Flutter + SwiftShader: HTML renderer is correct, CanvasKit is not
Chrome crashes 3×/test run on native GPU (Flutter CanvasKit + Windows GPU).
Fixed by --use-angle=swiftshader in browser.rs launch_with_mode().
What SwiftShader actually does to Flutter
| Flag combination | Flutter mode | Result |
|---|
| Native GPU (no flags) | CanvasKit | Works — but Chrome crashes 3×/run (GPU driver) |
--use-angle=swiftshader alone | HTML renderer | Chrome still crashes (~30s CDP timeout during Flutter JS init) |
--use-angle=swiftshader + --ignore-gpu-blocklist | CanvasKit attempted | ❌ All-black screen (CanvasKit fails on SwiftShader) |
--disable-gpu | HTML renderer | ✅ Stable — current approach |
Current approach: --disable-gpu (commit b2e6xxx):
- No GPU or WebGL at all → Flutter unconditionally uses HTML renderer
- No SwiftShader WebGL processing → no 30-second CDP event silence → no timeouts
--disable-gpu is the standard Puppeteer/Playwright CI flag
--use-angle=swiftshader was tried:
- Even without
--ignore-gpu-blocklist, Chrome timed out (~30s) during Flutter JS init
- SwiftShader still processes WebGL calls, causing headless_chrome's event loop to time out
- Removed
What this means for tests
With --disable-gpu (HTML renderer mode):
- Flutter renders as real HTML DOM — CSS selectors,
click, type, find all work
- Semantics tree is NOT available —
ax_find/ax_click will not work
- Use
screenshot_analyze for visual state, click/type/find for interaction
- Keep
browser_headless: false per-test (HTML renderer + visible window for CDP)
- Add
url_query: {flutter-web-renderer: html} to YAML as belt+suspenders
- The executor waits 5 s after
goto before first screenshot check (Flutter init time)
Chrome recovery re-launches in wrong headless mode
with_tab() recovery used to call ensure_open_reusing() → default_headless()

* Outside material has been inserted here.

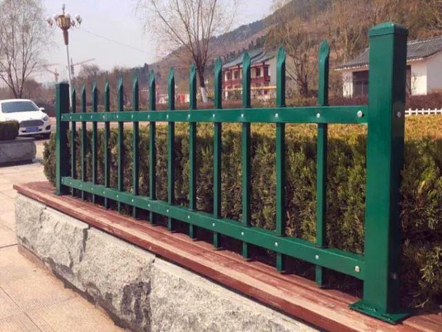 草坪防護柵欄、園林花池圍欄、鋅鋼草坪護欄立柱與護欄片之間,用U型連接件搭配鏈接螺絲安裝和固定。

(always true). Fixed by static TEST_DESIRED_HEADLESS: AtomicBool in browser.rs.
- Executor calls
crate::browser::set_test_headless_mode(want_headless) before ensure_open()
- Recovery calls
ensure_open(TEST_DESIRED_HEADLESS.load(...)) — not ensure_open_reusing()
Black screen detection (is_all_black_screenshot)
Heuristic in executor.rs: if screenshot size_bytes < 8_000 → all-black/blank.
Real rendered pages ≥ 15 KB; all-black PNG ≈ 2 KB.
Two check points:
- After initial
goto — if black: close + reopen + re-navigate
- After every
screenshot/screenshot_analyze in ReAct loop — same recovery
- inject
"⚠️ 螢幕全黑...請重新執行 semantics bootstrap" into history
rendering_failure triage category
When triage.rs finds screenshot_path file < 8 KB, it immediately returns
RenderingFailure — no auto-fix triggered, no claude_session spawned.
This prevents wasting tokens fixing non-existent frontend bugs.
Category string: "rendering_failure" (serde snake_case).
Hash-only navigation hangs
tab.navigate_to(url).wait_until_navigated() waits for
Page.frameNavigated which Chrome does not emit for fragment
changes. browser::navigate auto-detects same-origin same-path
hash-only changes and uses location.hash = instead. Already done.
Perception layer — opt-in vision for Flutter Canvas (v0.4.3)
TestGoal.perception YAML field (text default / vision / auto)
controls how the ReAct loop observes the page before each LLM turn:
text — legacy path. Zero overhead (perceive() short-circuits).
Don't remove this branch casually; all existing YAML tests rely on it.
vision — perception::capture::screenshot_b64() + llm::call_vision
with build_prompt_vision (lean action list, 3-step history, 200-char
observations). Image is primary observation.
auto — JS-eval probe (canvas_detect::probe_page) detects
window.flutter / flt-glass-pane / >=50% viewport canvas and
upgrades to vision only when true. Recommended default for new
Flutter tests.
When to opt into vision: only when AX tree is unavailable (no
enable_a11y fixture, or Flutter semantics refuses to bootstrap). On
healthy pages, text mode + AX tree is faster and doesn't use more tokens
overall — measured 34 s / 8 calls (text) vs 126 s / 12 calls (vision)
on redandan.github.io/#/login 2026-04-22.
Gotcha: vision mode still requires a vision-capable LLM backend.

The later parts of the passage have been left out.